Next, we set out to transfer the measured SARS-CoV-2 neutralization potency in final containers to total IgG plasma levels—assuming no antibody-specific elimination process. We arbitrarily chose a recent, yet average, final container concentration to perform the superposition (i.e., May 2021: 216 ± 96 IU/mL per 100 mg/mL). The resulting potential titers in plasma of PID patients over the course of 10 superpositioned dosings is shown in Fig. 3. With a neutralization potency of ~2 IU/mg, dosing of the original study (i.e., 4-weekly doses of 0.406 g/kg) could be approximated to yield an average steady-state level of SARS-CoV-2 neutralizing IgG (Cav) of 20 IU/mL (Cmin: 16 IU/mL; Cmax: 32 IU/mL) (Table 1). For the same dosage but using the P25 reference profile, Cav in steady-state would be 15 IU/mL (Cmin: 11 IU/mL; Cmax: 25 IU/mL) and be 22 IU/mL for the P75 reference profile (Cmin: 16 IU/mL; Cmax: 37 IU/mL).
Approximated time courses of the neutralizing anti-SARS-CoV-2 IgG levels (IU/mL) throughout ten 4-weekly repeated doses of intravenous IgG (potency 216 IU/100 mg) dosed with the median dose of the reference dataset (0.406 g/kg-BW).
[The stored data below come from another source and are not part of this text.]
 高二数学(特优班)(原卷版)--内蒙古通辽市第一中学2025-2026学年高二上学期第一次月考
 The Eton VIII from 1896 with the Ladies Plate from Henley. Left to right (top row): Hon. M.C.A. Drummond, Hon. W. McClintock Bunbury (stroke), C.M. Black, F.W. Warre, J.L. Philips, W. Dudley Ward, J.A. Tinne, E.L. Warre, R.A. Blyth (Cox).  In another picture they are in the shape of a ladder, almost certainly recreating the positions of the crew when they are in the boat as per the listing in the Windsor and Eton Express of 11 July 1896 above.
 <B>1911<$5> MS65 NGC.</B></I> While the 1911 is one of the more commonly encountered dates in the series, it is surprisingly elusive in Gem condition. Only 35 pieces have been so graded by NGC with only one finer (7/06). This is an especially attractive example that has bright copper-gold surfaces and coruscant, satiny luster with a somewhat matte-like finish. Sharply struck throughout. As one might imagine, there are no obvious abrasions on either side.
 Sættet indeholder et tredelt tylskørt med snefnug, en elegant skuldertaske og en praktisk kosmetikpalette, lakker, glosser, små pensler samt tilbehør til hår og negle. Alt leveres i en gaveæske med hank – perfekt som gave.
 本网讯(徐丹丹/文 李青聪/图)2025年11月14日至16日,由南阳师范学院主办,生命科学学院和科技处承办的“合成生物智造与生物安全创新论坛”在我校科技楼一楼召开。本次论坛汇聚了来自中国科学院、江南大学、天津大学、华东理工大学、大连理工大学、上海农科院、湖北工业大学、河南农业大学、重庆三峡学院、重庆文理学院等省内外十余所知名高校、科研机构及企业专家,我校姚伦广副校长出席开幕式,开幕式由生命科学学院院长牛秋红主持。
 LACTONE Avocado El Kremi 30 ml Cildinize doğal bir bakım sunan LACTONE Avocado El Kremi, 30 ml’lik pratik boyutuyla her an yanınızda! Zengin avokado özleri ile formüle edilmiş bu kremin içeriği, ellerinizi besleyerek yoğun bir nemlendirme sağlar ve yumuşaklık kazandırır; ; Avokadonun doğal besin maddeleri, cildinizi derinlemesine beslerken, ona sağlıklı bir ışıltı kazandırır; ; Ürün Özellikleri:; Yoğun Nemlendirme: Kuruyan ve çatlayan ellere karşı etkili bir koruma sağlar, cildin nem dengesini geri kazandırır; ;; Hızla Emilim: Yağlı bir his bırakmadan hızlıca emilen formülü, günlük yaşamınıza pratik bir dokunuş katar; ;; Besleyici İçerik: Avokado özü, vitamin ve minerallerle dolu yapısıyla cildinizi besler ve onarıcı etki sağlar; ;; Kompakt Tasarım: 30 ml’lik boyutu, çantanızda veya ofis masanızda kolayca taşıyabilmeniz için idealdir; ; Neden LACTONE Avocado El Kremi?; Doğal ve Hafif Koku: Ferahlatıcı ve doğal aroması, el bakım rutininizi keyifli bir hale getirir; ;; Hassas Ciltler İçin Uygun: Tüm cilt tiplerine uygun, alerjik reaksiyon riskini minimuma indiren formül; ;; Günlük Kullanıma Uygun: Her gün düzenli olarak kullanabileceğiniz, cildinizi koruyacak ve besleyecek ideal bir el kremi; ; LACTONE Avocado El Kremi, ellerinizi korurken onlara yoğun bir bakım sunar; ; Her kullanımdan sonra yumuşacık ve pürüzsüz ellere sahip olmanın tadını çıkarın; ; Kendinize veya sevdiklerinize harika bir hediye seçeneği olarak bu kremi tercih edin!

Data was processed using PCModfit v7.0 (2021). PK data was obtained from a previously published study [34]. BW body weight, PK pharmacokinetics
4 Discussion
Immunodeficient patients may not have an efficient response to vaccination and therefore rely on prophylaxis measures not only against SARS-CoV-2 infection but also other circulating pathogens. Plasma-derived Ig is the standard of care to substitute the antibody repertoire in these patients with IVIG/SCIG manufactured from thousands of donations per batch. In light of the pandemic, these immunodeficient patients and their health care professionals are interested in if and when a potential protection from severe infection or even SARS-CoV-2 infection might be achieved.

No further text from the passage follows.